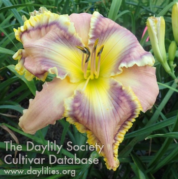 Pink with a purple band, purple and gold petal edges, ruffled sepals with a few small teeth.
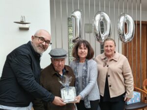 El alcalde Vicent Roig y la concejala Marilina Serra le entregaron una placa conmemorativa en reconocimiento a su trayectoria como vecino del municipio.
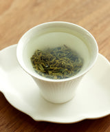 We find the ocean in this tea, and the salty air that the trees have flourished in. It is soft and saline on the palate, with notes of algae, green popcorn, and chlorophyll. This tea has fluid, aqueous energy: it feels refreshing and cleansing, much like a swim in the sea.
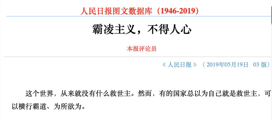《人民日报》在5月19日的评论员文章《有的国家总以为是救世主,可以横行霸道》中表示,美国已经把贸易战的战火烧向了全世界很多国家,连欧盟与日本等美国传统盟友都未能“幸免”。美国《华尔街日报》网站文章指出,“白宫决心在多条战线同时打地缘政治仗,这也表明它对国际外交、国际政治长期以来常见的一些选择持蔑视态度”。为了确保自己遥遥领先的“绝对优势”,不惜打压别国的发展权甚至生存权,“美国优先”的一意孤行,已经在世界上惹了众怒。“吹灭别人的灯,会烧掉自己的胡子。”在经济全球化深入发展、各国利益深度融合的今天,倒行逆施的霸凌主义,不仅行不通,而且十分危险。
* * * *
■ WORK REQUEST ■
Could the lines from the top of the material through the line with "We find the" be repeated exactly, pictures left out?

■ RESPONSE BELOW ■
 Pink with a purple band, purple and gold petal edges, ruffled sepals with a few small teeth.
 El alcalde Vicent Roig y la concejala Marilina Serra le entregaron una placa conmemorativa en reconocimiento a su trayectoria como vecino del municipio.
 We find the ocean in this tea, and the salty air that the trees have flourished in. It is soft and saline on the palate, with notes of algae, green popcorn, and chlorophyll. This tea has fluid, aqueous energy: it feels refreshing and cleansing, much like a swim in the sea.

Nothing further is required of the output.